The Fokker-Planck forward equation is an important tool to calibrate local volatility extensions of stochastic volatility models, e.g. the local vol extension of the Heston model. But the treatment of the boundary conditions – especially at zero instantaneous variance – is notoriously difficult if the Feller constraint

$\sigma^2 \le 2\kappa\theta$

of the square root process for the variance $\nu$

$d\nu_t = \kappa(\theta-\nu_t)dt + \sigma\sqrt{\nu_t}dW$

is violated. The corresponding Fokker-Planck forward equation

$\frac{\partial p}{\partial t} = \frac{\sigma^2}{2}\frac{\partial^2}{\partial \nu^2}(\nu p) - \frac{\partial}{\partial \nu}\left(\kappa\left(\theta-\nu \right ) p\right)$

describes the time evolution of the probability density function p and the boundary at the origin $\nu=0$ is instantaneously attainable if the Feller constraint is violated. In this case the stationary solution [1] of the Fokker-Planck equation

$p_\nu = \frac{\eta^\eta}{\Gamma(\eta)}\frac{\nu^{\eta-1}}{\theta^\eta}e^{-\eta\nu/\theta},\ \eta=\frac{2\kappa\theta}{\sigma^2}$

diverges with

$\lim_{\nu\to 0} p_\nu^{s} \sim \nu^{\eta-1} = \nu^{-\alpha},\ \alpha=1-\frac{2\kappa\theta}{\sigma^2}$

and the zero flow boundary condition at the origin

$\left.\left[ \frac{\sigma^2}{2}\frac{\partial}{\partial \nu} (\nu p) + \kappa(\nu-\theta)p\right]\right|_{\nu=0} = 0$

becomes hard to track numerically. Rewriting the partial differential equation in terms of $q_\nu = v^\alpha p_\nu$ helps to mitigate the problem [2].

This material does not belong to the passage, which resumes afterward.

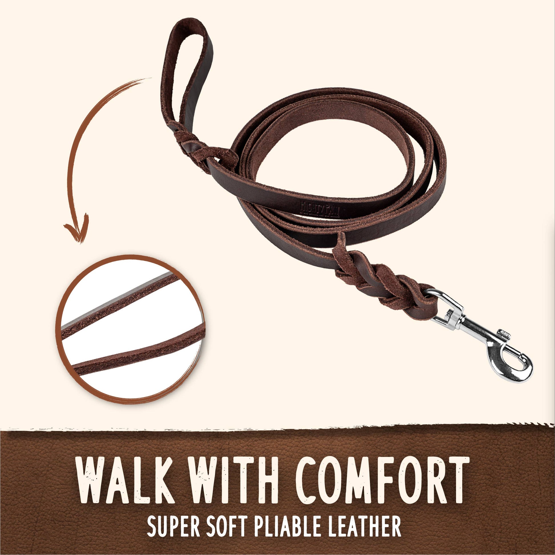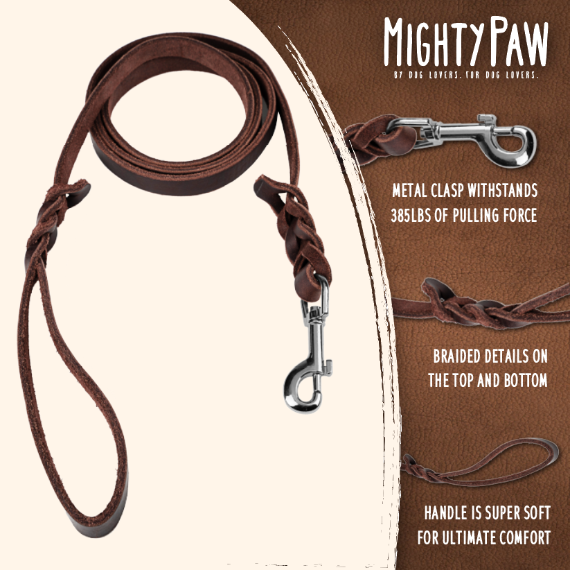 Mighty Paw Braided Leather Dog Leash

$\frac{\partial q}{\partial t} = \nu\frac{\sigma^2}{2}\frac{\partial^2}{\partial \nu^2} q + \kappa(\nu+\theta)\frac{\partial}{\partial \nu}q + \frac{2\kappa^2\theta}{\sigma^2}q$

The corresponding zero flow boundary condition in q reads as follows

$\left.\left[ \nu\frac{\sigma^2}{2}\frac{\partial}{\partial \nu} q + \kappa\nu q\right]\right|_{\nu=0} = 0$

The first step in order to apply the boundary condition is to discretize the transformed Fokker-Planck equation in space direction on a non-uniform grid $\nu_i$

$\frac{\partial q_i}{\partial t} = \alpha_iq_{i-1}+\beta_iq_i+\gamma_iq_{i+1]}$

with

$\begin{array}{rcl} h_i &=& \nu_{i+1}-\nu_i \\ \zeta_i &=& h_{i-1}h_i \\ \zeta^p_i &=& h_i(h_{i-1}+h_i) \\ \zeta^m_i &=& h_{i-1}(h_{i-1}+h_i) \\ \alpha_i &=& \frac{1}{\zeta^m_i}\left(\sigma^2\nu_i-\kappa(\theta+\nu_i)h_i)\right) \\ \beta_i &=& \frac{1}{\zeta_i}\left( -\sigma^2\nu_i+\kappa(\theta+\nu_i)(h_i-h_{i-1}) \right ) +\frac{2\kappa^2\theta}{\sigma^2} \\ \gamma_i &=& \frac{1}{\zeta^p_i}\left( \sigma^2\nu_i + \kappa(\theta+\nu_i)h_{i-1} \right ) \end{array}$

Next step is to discretize the zero flow boundary condition using a second order forward discretization [3] for the derivative $\frac{\partial q}{\partial \nu}$.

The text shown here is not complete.